The kills in The Boogey Man also lean towards the slasher vibe. Despite the film’s title, there’s not really a singular “Boogey Man” in the film, but each person who is possessed meets their end in unique and creative ways, either by their own hand or through nefarious supernatural means. One girl, powerless against the demonic force, starts cutting her hair before turning the scissors on her own throat. One boy is crushed against a sill by a falling window. A couple is killed when the boy is impaled through the back of his head by a knife and his girlfriend is compelled to kiss him on the lips, impaling herself as well. There may not be a tangible antagonist behind the killings, but there’s plenty of violence and gore in The Boogey Man.

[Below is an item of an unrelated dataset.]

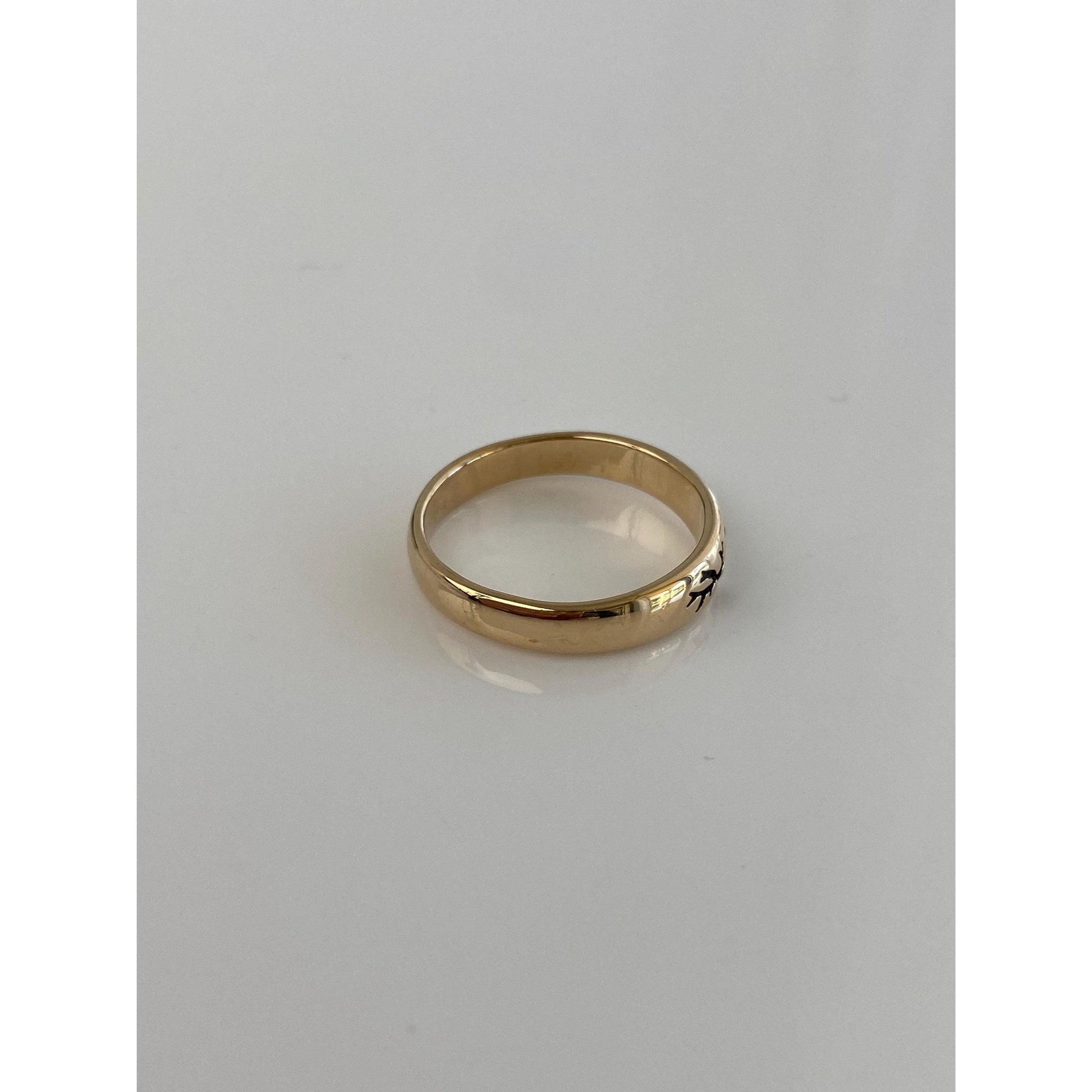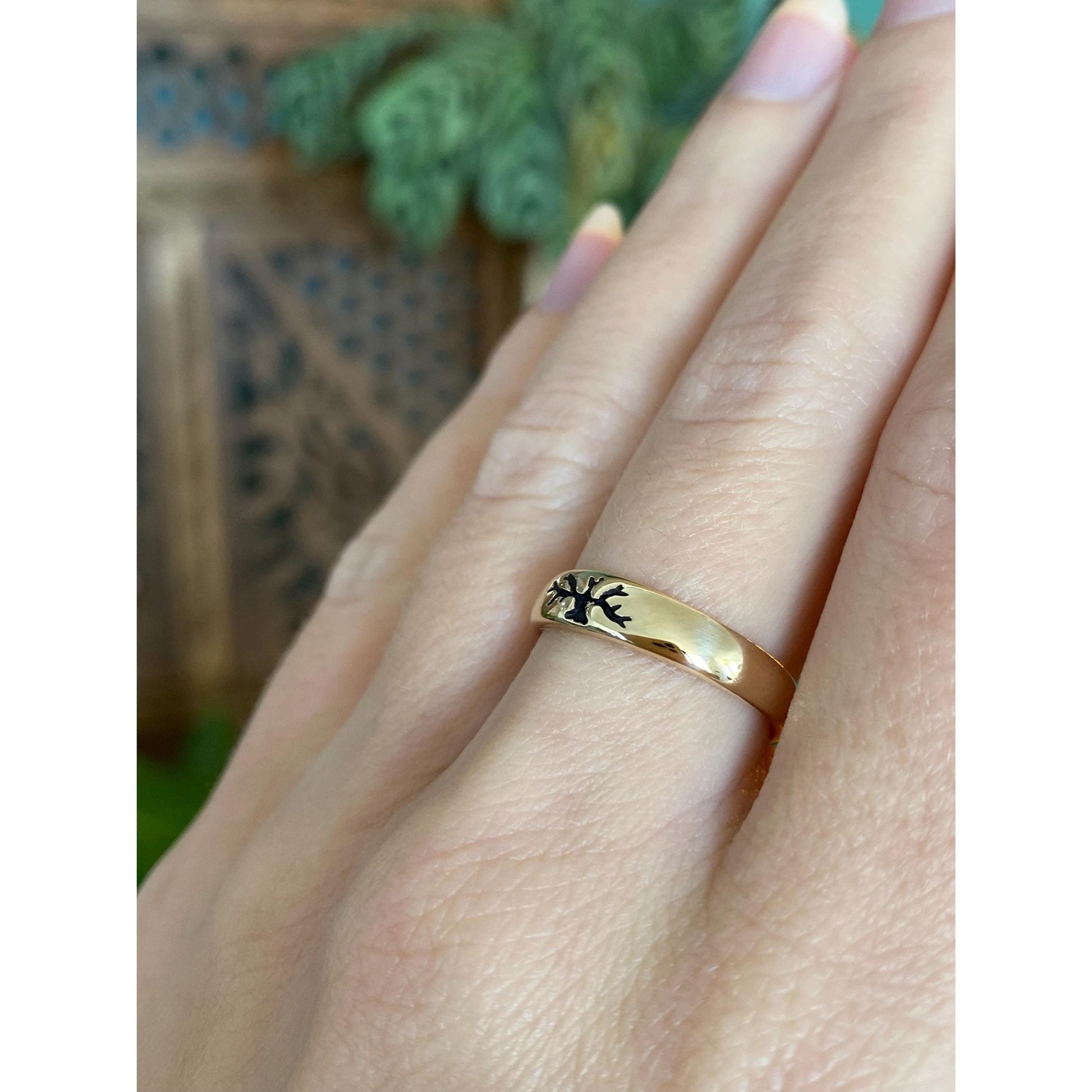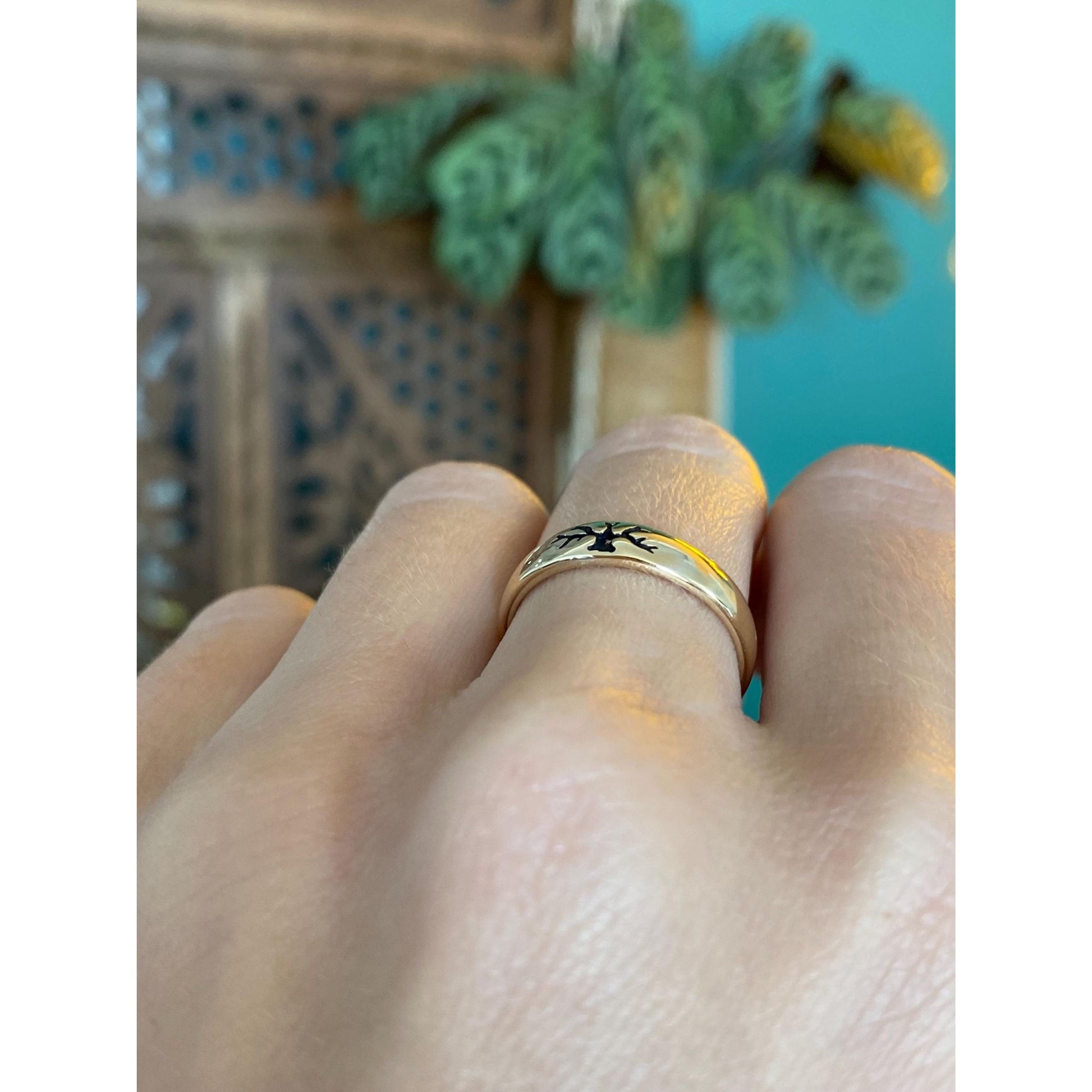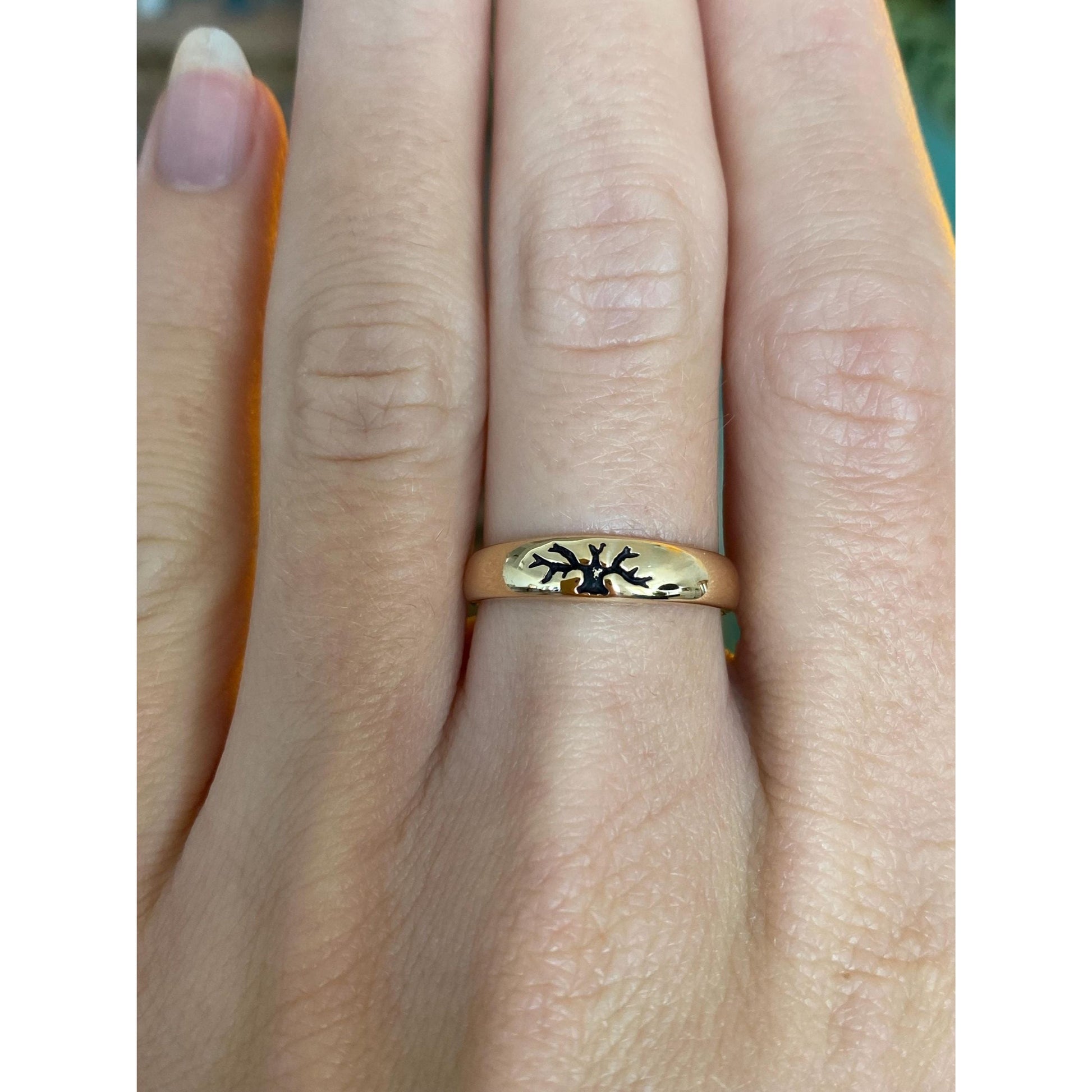 Vintage Solid 14k Yellow Gold Enamel Tree of Life Ring Band - Size 6.75

Finally, there’s the music. The score, written by Tim Krog (as a film composer, all he’s done is The Boogey Man and its sequel, Boogeyman II), is packed with cool organ swells and sci-fi synthesizer riffs. There are parts of the score that, like many other things about the movie, seem like they’re lifted straight out of Halloween, but hey, Halloween is a cool score, and at least The Boogey Man ripped it off before all those other later eighties movies did it. As a film score, Krog’s music is as haunting and dramatic as it gets.
In the 2000s, Ulli Lommel would go on to carve yet another niche for himself in the cinematic world of horror by making straight-to-video “Inspired by” sleazy true crime serial killer movies like Nightstalker, B.T.K. Killer, and Green River Killer. During his long and prolific career, Lommel raised exploitation film to an art form, and he did it all on his own terms. Rest in peace.